In the data below, set down exactly the lines from the one containing "unita' abitativa ai" up to and including the one containing "021期:金旺旺信箱彩民推荐→→《狗借主人勢而橫行》". Leave the pictures out.

Data for the task
+---+
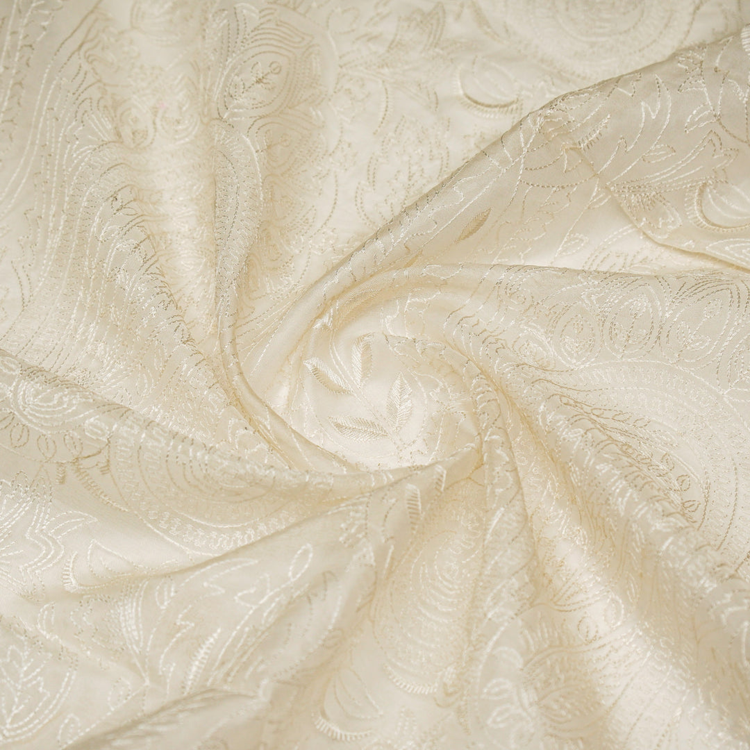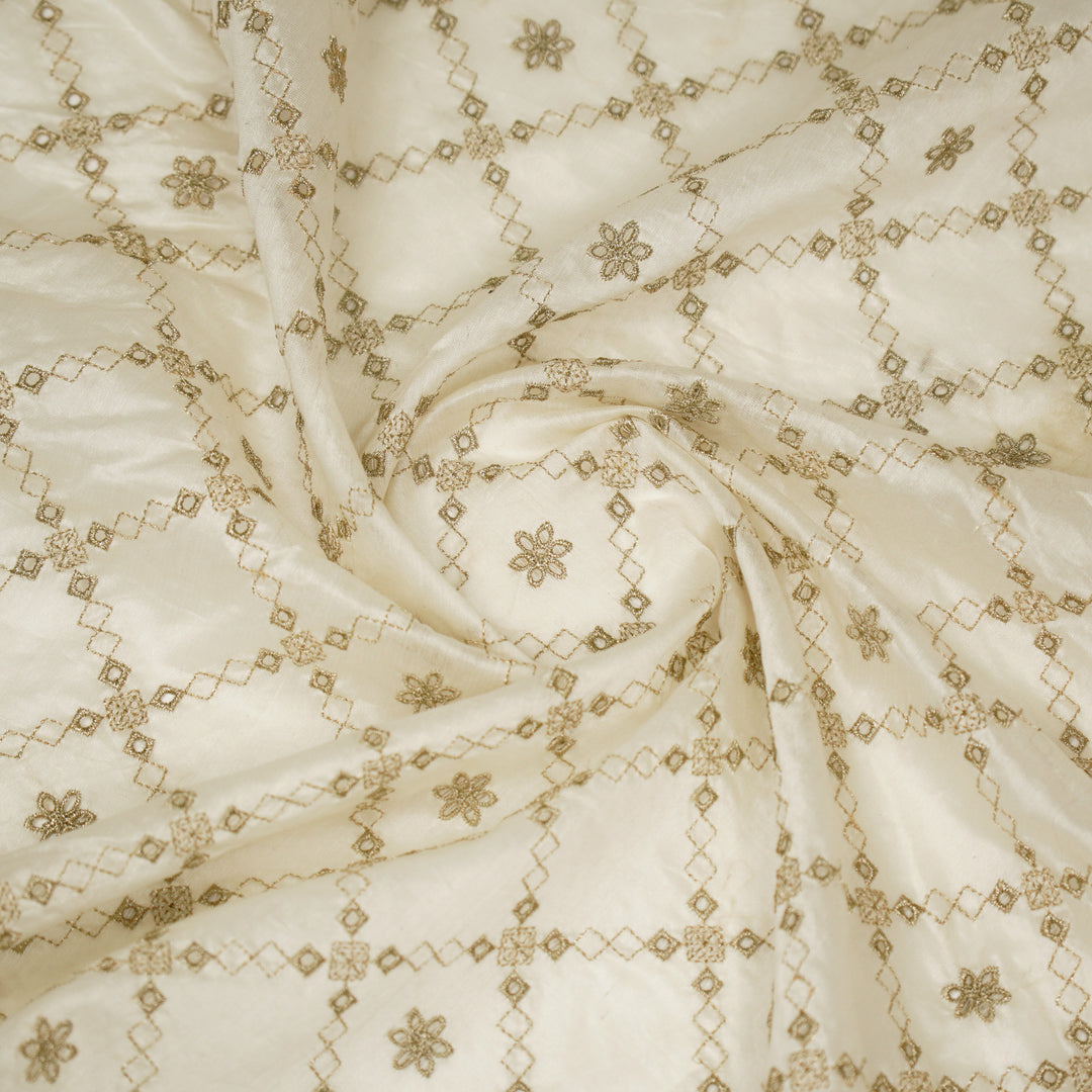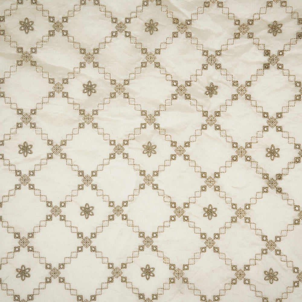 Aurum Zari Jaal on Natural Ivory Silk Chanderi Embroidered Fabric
+---+
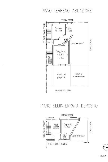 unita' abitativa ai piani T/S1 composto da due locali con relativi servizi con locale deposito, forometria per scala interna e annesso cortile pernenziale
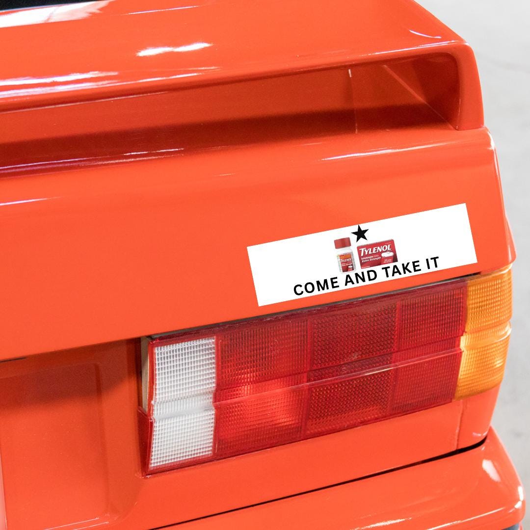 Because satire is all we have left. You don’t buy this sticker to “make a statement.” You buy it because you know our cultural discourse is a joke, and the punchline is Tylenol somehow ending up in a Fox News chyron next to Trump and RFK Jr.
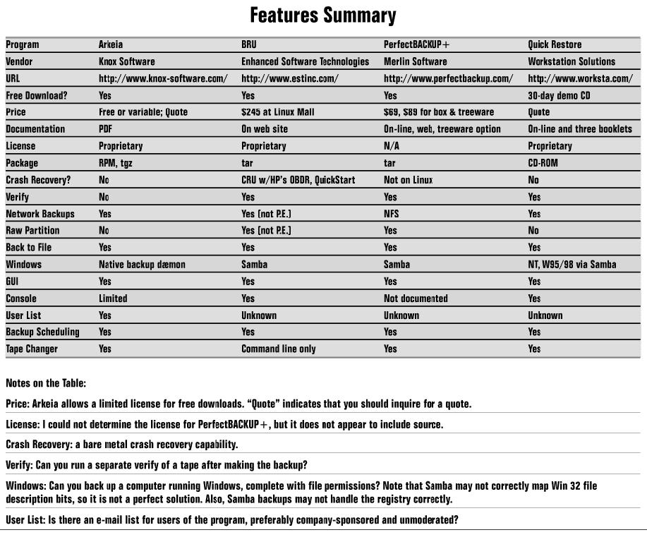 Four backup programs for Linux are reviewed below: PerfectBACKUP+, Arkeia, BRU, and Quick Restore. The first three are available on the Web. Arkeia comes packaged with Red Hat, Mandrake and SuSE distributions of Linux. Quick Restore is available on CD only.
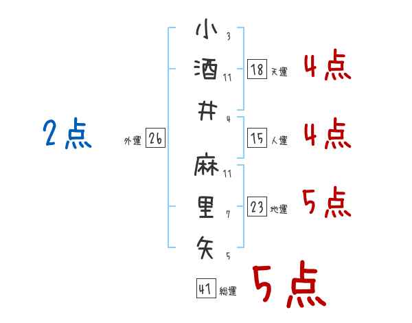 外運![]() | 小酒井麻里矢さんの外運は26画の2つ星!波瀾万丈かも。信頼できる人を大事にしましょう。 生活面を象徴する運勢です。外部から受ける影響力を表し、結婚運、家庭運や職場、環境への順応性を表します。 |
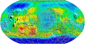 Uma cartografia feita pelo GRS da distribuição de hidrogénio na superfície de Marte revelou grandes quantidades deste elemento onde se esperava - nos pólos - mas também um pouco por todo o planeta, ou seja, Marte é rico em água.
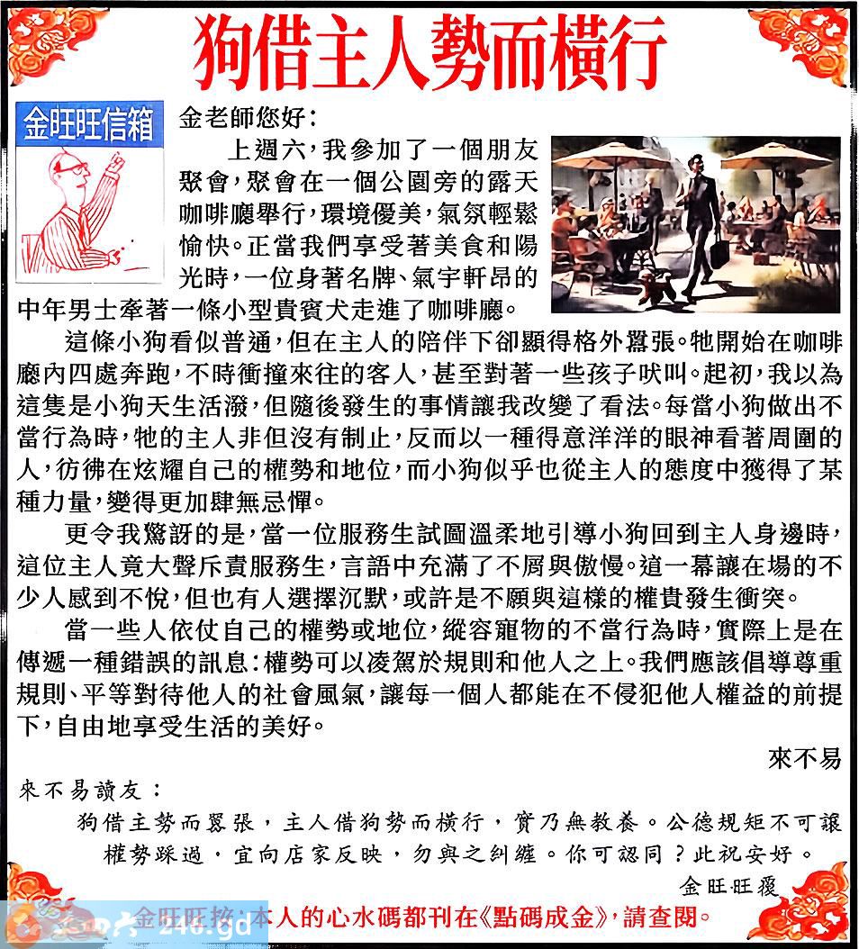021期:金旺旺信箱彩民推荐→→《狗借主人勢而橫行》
+---+
Exercise solution
 unita' abitativa ai piani T/S1 composto da due locali con relativi servizi con locale deposito, forometria per scala interna e annesso cortile pernenziale
 Because satire is all we have left. You don’t buy this sticker to “make a statement.” You buy it because you know our cultural discourse is a joke, and the punchline is Tylenol somehow ending up in a Fox News chyron next to Trump and RFK Jr.
 Four backup programs for Linux are reviewed below: PerfectBACKUP+, Arkeia, BRU, and Quick Restore. The first three are available on the Web. Arkeia comes packaged with Red Hat, Mandrake and SuSE distributions of Linux. Quick Restore is available on CD only.
 外運![]() | 小酒井麻里矢さんの外運は26画の2つ星!波瀾万丈かも。信頼できる人を大事にしましょう。 生活面を象徴する運勢です。外部から受ける影響力を表し、結婚運、家庭運や職場、環境への順応性を表します。 |
 Uma cartografia feita pelo GRS da distribuição de hidrogénio na superfície de Marte revelou grandes quantidades deste elemento onde se esperava - nos pólos - mas também um pouco por todo o planeta, ou seja, Marte é rico em água.
021期:金旺旺信箱彩民推荐→→《狗借主人勢而橫行》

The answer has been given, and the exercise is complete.